16th-century French painting in the Louvre

Gabrielle d'Estrées et une de ses soeurs (Gabrielle d'Estrées and one of her sisters) is a painting by an unknown artist dated c. 1594. It is in the Louvre in Paris and is usually thought to be the work of a painter from the Fontainebleau School. A second, clothed version was produced by the same school shortly afterwards.

==Description==
The painting portrays Gabrielle d'Estrées, mistress of King Henry IV of France, sitting in a bath, holding a ring. Her sister Julienne-Hyppolite-Joséphine sits beside her and pinches d'Estrées' right nipple. Both women are nude apart from their pearl earrings, and visible over the rim of the tub from their waists upward. The women are revealed by a parting curtain, as though in a stage play. A seamstress works in the background beside a large fireplace with a painting of a male nude hung above.

==History==
In the early years of the seventeenth century, Pierre de Bourdeille, seigneur de Brantôme told a story about a group of people who went to view the painting. He described the painting as showing "fair naked ladies" together in a bath, and adds that they "touch, and feel, and handle, and stroke, one the other, and intertwine and fondle with each other." Brantôme claims he was told that, while the group was viewing the painting, "a certain great lady... losing all restraint of herself before the picture, [did] say to her lover, turning toward him maddened as it were at the madness of love she beheld painted; 'Too long have we tarried here. Let us now straightway take coach and so to my lodging; for that no more can I hold in the ardour that is in me. Needs must away and quench it; too sore do I burn...'"

During the first half of the nineteenth century, Gabrielle d'Estrées et une de ses soeurs hung in the Prefecture of Police in Paris. Dr. Ver Heyden de Lacey stated in an article from 1935 that "Nobody knew why or how it came there; [it was] placed above a door in one of the halls to which the public had access." He explained that one day, a "pusillanimous high official" noticed the painting and "conceived [of] the idea to screen the picture...from the curious public gaze, by drawing a green curtain in front of it." His action suggested that the official considered the painting to be erotic or even obscene, but instead of removing it, he had it veiled, and thus visibly marked the image as an open secret, or as something which should not be seen. At some point after that, Dr.

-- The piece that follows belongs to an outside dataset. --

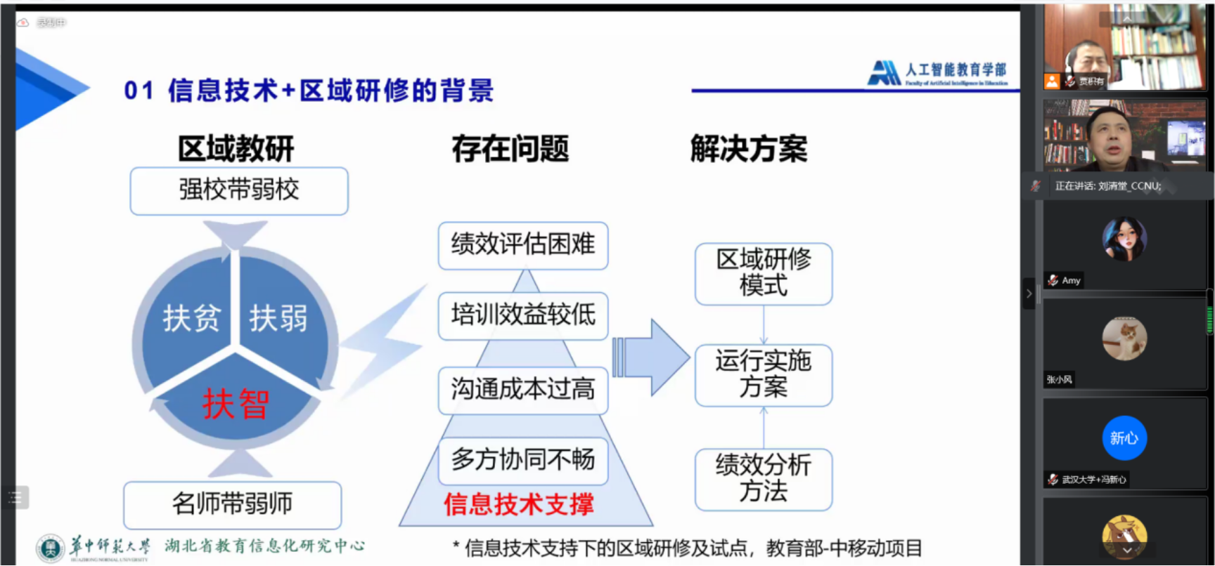在第四部分,刘教授介绍了人工智能技术赋能教师区域研修模式的典型应用,包括四种研修模式:课例研修、主题研修、微课题研修、同侪研修,研修来源于真实课堂,服务于教师专业发展。

Ver Heyden de Lacey claimed that "Somebody had the happy inspiration to expose [the veiled image] to the artistic and art-trained eyes of those called upon to take part in [a] civic function [at the police station] ... In preparation [for this] special function ... a thorough cleaning of the picture itself was ordered .... [But] Upon drawing the curtain, [they found only] an empty picture frame."

==Interpretations==
===Traditional: announcing Gabrielle's pregnancy===
The nipple-pinching gesture has been interpreted as a symbolic announcement that Gabrielle is pregnant with Henry's child, César de Bourbon. According to the Louvre's website: "The oddly affectionate way in which the sister is pinching Gabrielle d'Estrées' right breast has often been taken as symbolizing the latter's pregnancy with the illegitimate child of Henry IV. This interpretation would seem to be confirmed by the scene of the young woman sewing – perhaps preparing a layette for the coming child – in the background." The ring that Gabrielle holds is said to be Henry's coronation ring, which he may have given to her as a token of his love shortly before she died.

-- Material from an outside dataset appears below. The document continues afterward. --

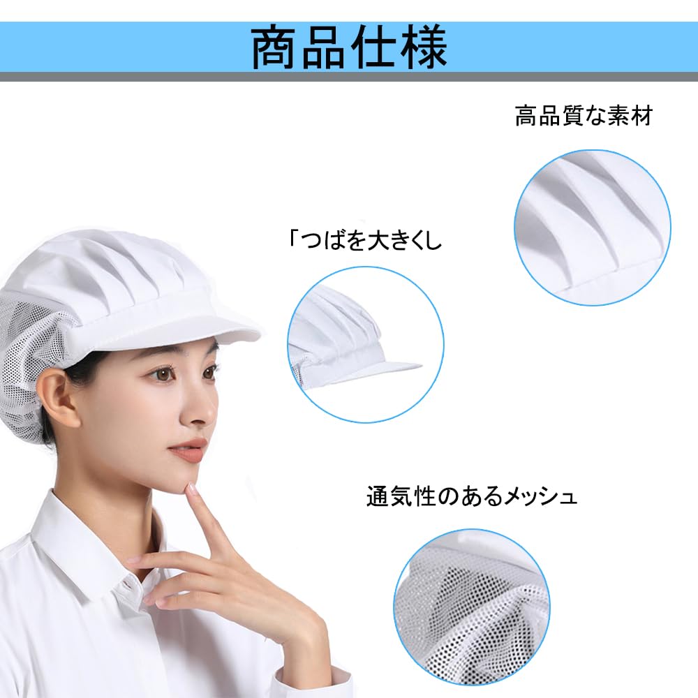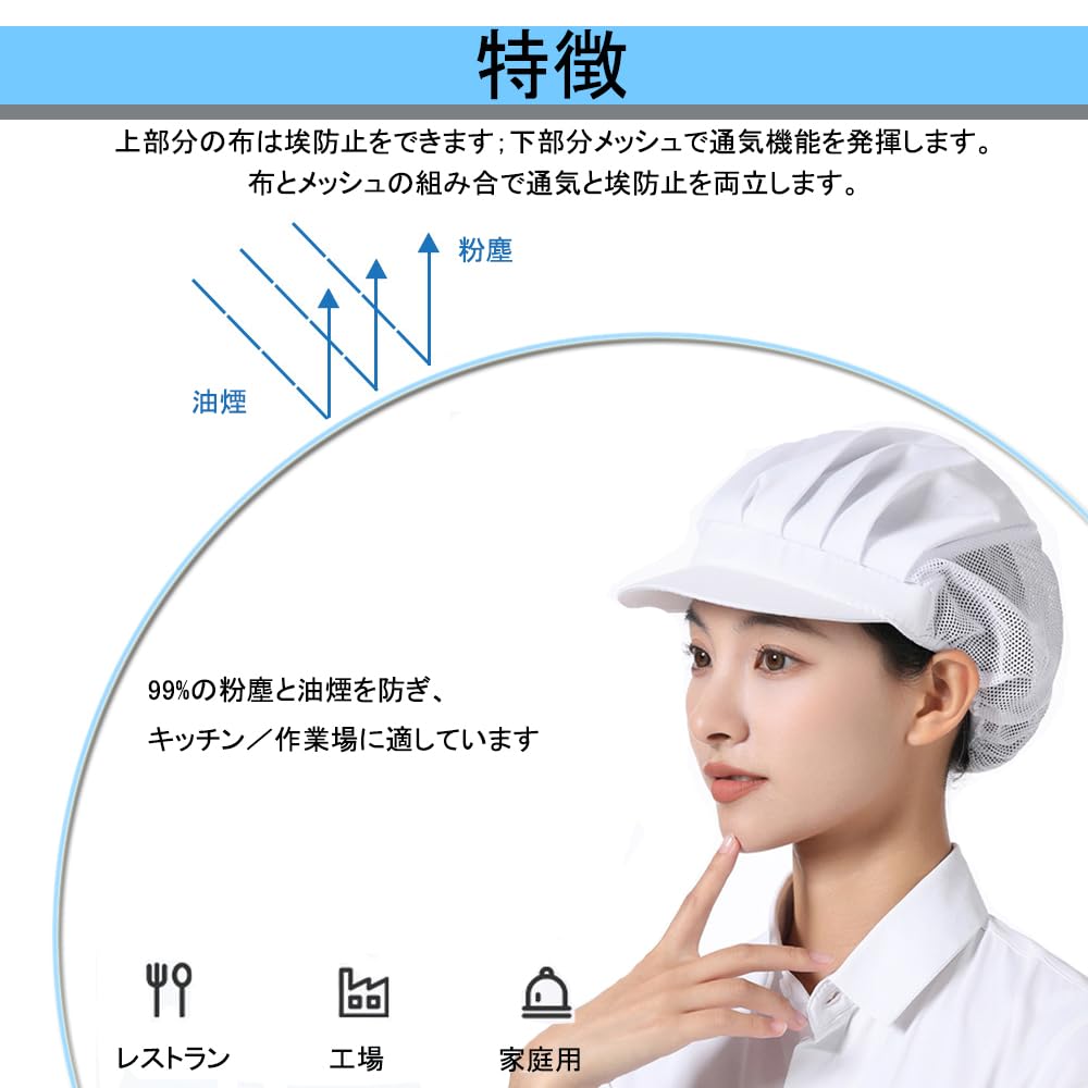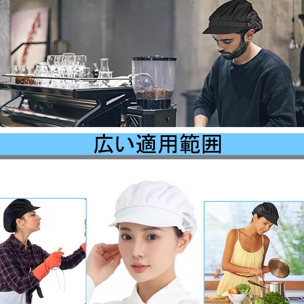 全面的な保護:頭髪を完全に覆い、髪の抜け落ちやほこりの汚染を効果的に防ぎます。食品と作業環境の清潔を維持します。

===Modern interpretation===
In the twentieth and twenty-first centuries, the Gabrielle d'Estrées painting is often understood to represent female homosexuality, despite the fact that the women depicted are in fact sisters. It is listed in Lesbian Histories and Cultures: An Encyclopedia by Bonnie Zimmerman, and also appears on websites about lesbian history such as Sappho.com.

==Legacy==
Julienne's pinching motion was a personal fascination of artist Michael Taylor, who referenced it in Boy with Apple.

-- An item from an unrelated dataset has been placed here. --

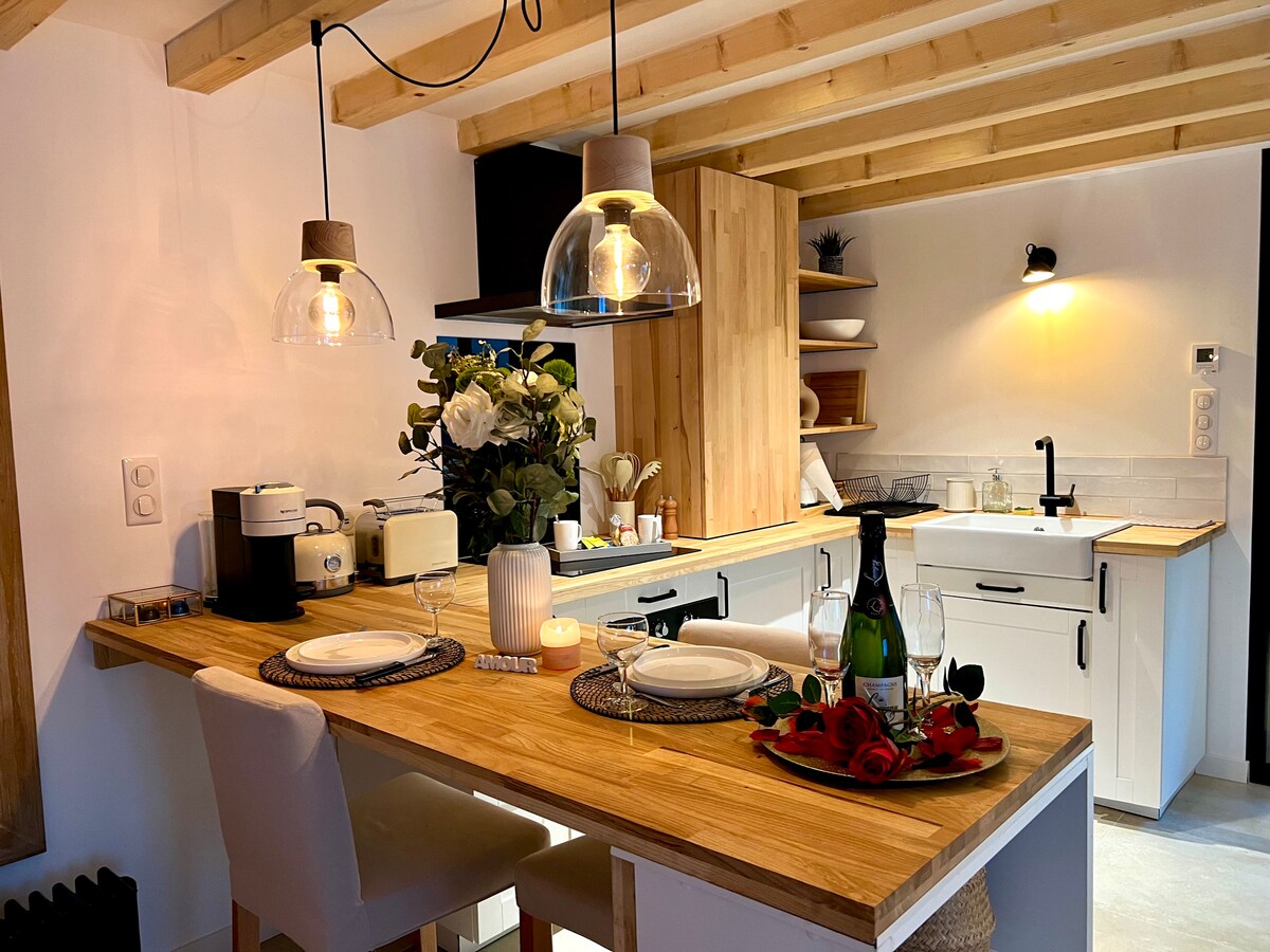 Unique in Quimperlé: private jacuzzi in a 7m cathedral space. An intimate sanctuary for two. From the moment you enter, the spectacular space and jacuzzi create an enchanting atmosphere with soft light, steam and beams. Set in a stone house, this retreat blends elegance and authenticity. Freestanding tub, equipped kitchen, absolute calm. Enjoy a unique experience. 2 min from town, 12 min from beaches. Rare and elegant. Soft light, silence… unforgettable moments. Your escape for two.

Even outside of the LGBT community, the painting is frequently used as a representation of lesbianism. In 1991, it appeared on the cover of the French magazine L’Événement du jeudi to illustrate a story on lesbian chic. In 2002, the German Green Party created a poster to announce their support of same-sex marriage, featuring two female models reenacting the Gabrielle portrait in the foreground while two male models reenact it in the background.